Wells drilled in the study area are typically completed as open holes, and screened intervals are rarely needed. Median, maximum, and minimum casing lengths for the 58 siliciclastic wells was 40, 108, and 20 ft, respectively, and median, maximum, and minimum casing lengths for the 220 carbonate wells was 40, 241, and 4 ft, respectively. The similarity in median casing lengths likely reflects a similar depth of weathered rock and regolith in the siliciclastic and carbonate bedrock within the county.

Well Yield and Transmissivity

Well yield, expressed in gal/min, and specific capacity, expressed in gal/min/ft of drawdown, are two common measures of a well’s ability to transmit water from an aquifer. Median, maximum, and minimum well yield for the 58 siliciclastic wells was 8.0, 80.0, and 1.5 gal/min, respectively, and median, maximum, and minimum well yield for the 220 carbonate wells was 10.0, 100.0, and 0.5 gal/min respectively. Median well yields of 8 to 10 gal/min are sufficient for a residential supply but are marginal for agriculture or public supply.

Transmissivity is a measure of an aquifer’s ability to transmit water and is expressed in cubic feet per foot of cross-sectional area of the aquifer per day (ft²/day). Transmissivity was computed based on borehole geophysical flow-meter data collected at 10 of the wells, 6 completed in siliciclastic rocks and 4 completed in carbonate rocks. The method used to analyze the well log data and compute transmissivity was the USGS Flow-Log Analysis of Single Holes (FLASH) software (Day-Lewis and others, 2011). FLASH uses fracture data identified in the boreholes using either an optical televiewer or acoustic televiewer and measurements of borehole flow made with an EM flowmeter to analyze data collected to analytically determine transmissivity. Results of the analysis indicate that most of the transmissivity in the wells analyzed is derived predominantly from shallow fractures in the upper 20 to 100 feet of the borehole, even though there can be multiple fractures within the borehole (table 5). Fracture data from the acoustic and optical televiewer logs are summarized in tables 6 and 7 and show most fractures within a borehole are not significant water-bearing fractures, and most water-bearing fractures are at shallower depths within the boreholes.
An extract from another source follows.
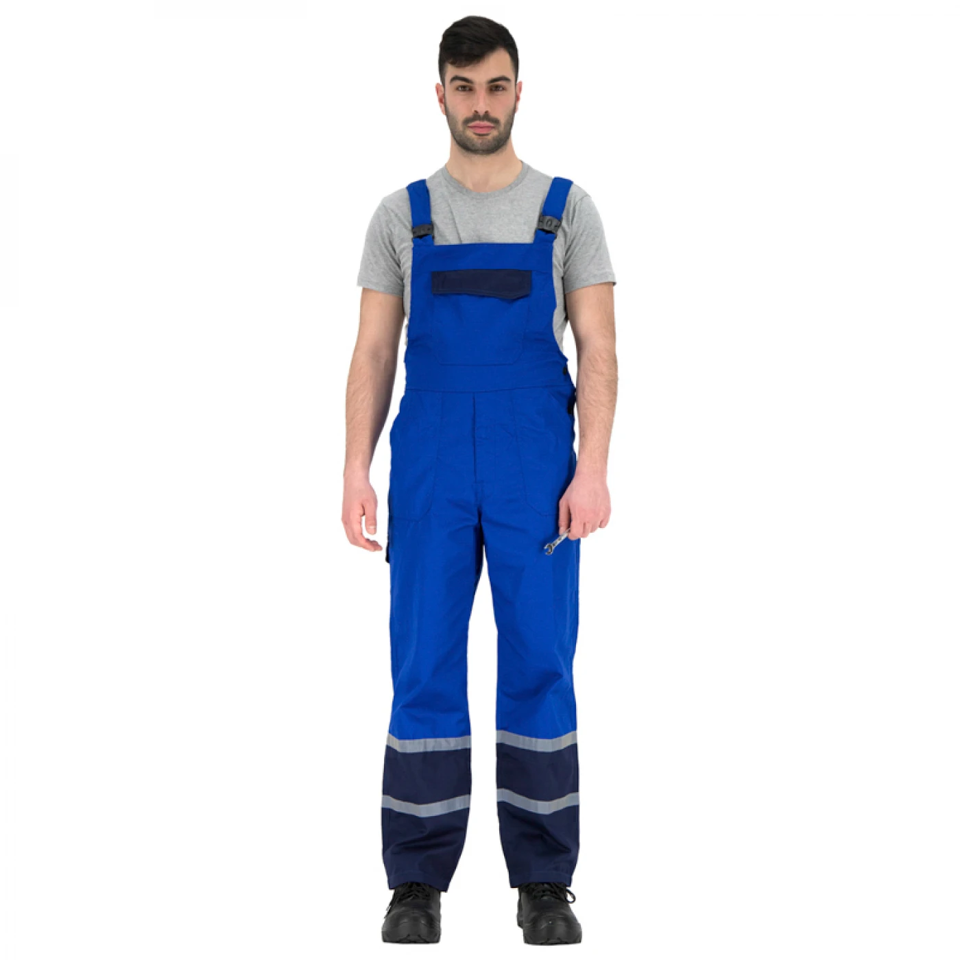 Salopetă CHAR cu betelie și bretele elastice, dotată cu multiple buzunare și benzi reflectorizante. Prevăzută cu betelie și bretele elastice pentru mobilitate optimă. Dispune de buzunar cu clapetă pe pieptar, buzunare cu clapetă pe partea dorsală și pe piciorul drept, precum și un buzunar pentru unelte pe partea laterală stângă. Două benzi reflectorizante de 2,5 cm sunt aplicate sub zona genunchilor pentru vizibilitate crescută. \n

Limitations of the Potentiometric Surface Map

The approach to create the potentiometric surface map has one major assumption. This assumption is that the entire Monroe County aquifer system can be modeled as an unconfined aquifer, such that surface-water features are visible representations of that aquifer. This is a particularly significant assumption for the Greenbrier aquifer, where the presence of separate aquifers above and below the Taggard Formation had been postulated (Ogden, 1976). The major problems, both historically and in this work, with delineating separate aquifers is twofold. First, there is a lack of detailed stratigraphy for the separate Greenbrier units, with very few detailed geologic logs or borehole geophysical well logs for wells completed in Monroe County. Second, it is unclear which unit any given well is drilled into in the Greenbrier because of either missing information on well depth or an open borehole well where multiple units contribute water to a given well. These two issues do not preclude the use of well data in reconstructing a potentiometric-surface (water-table) map of the Greenbrier karst of the Appalachian Plateau nor of the Ordovician karst of the Valley and Ridge; it does, however, open the possibility that any anomalous points of water-level elevation might be due to this major assumption being broken.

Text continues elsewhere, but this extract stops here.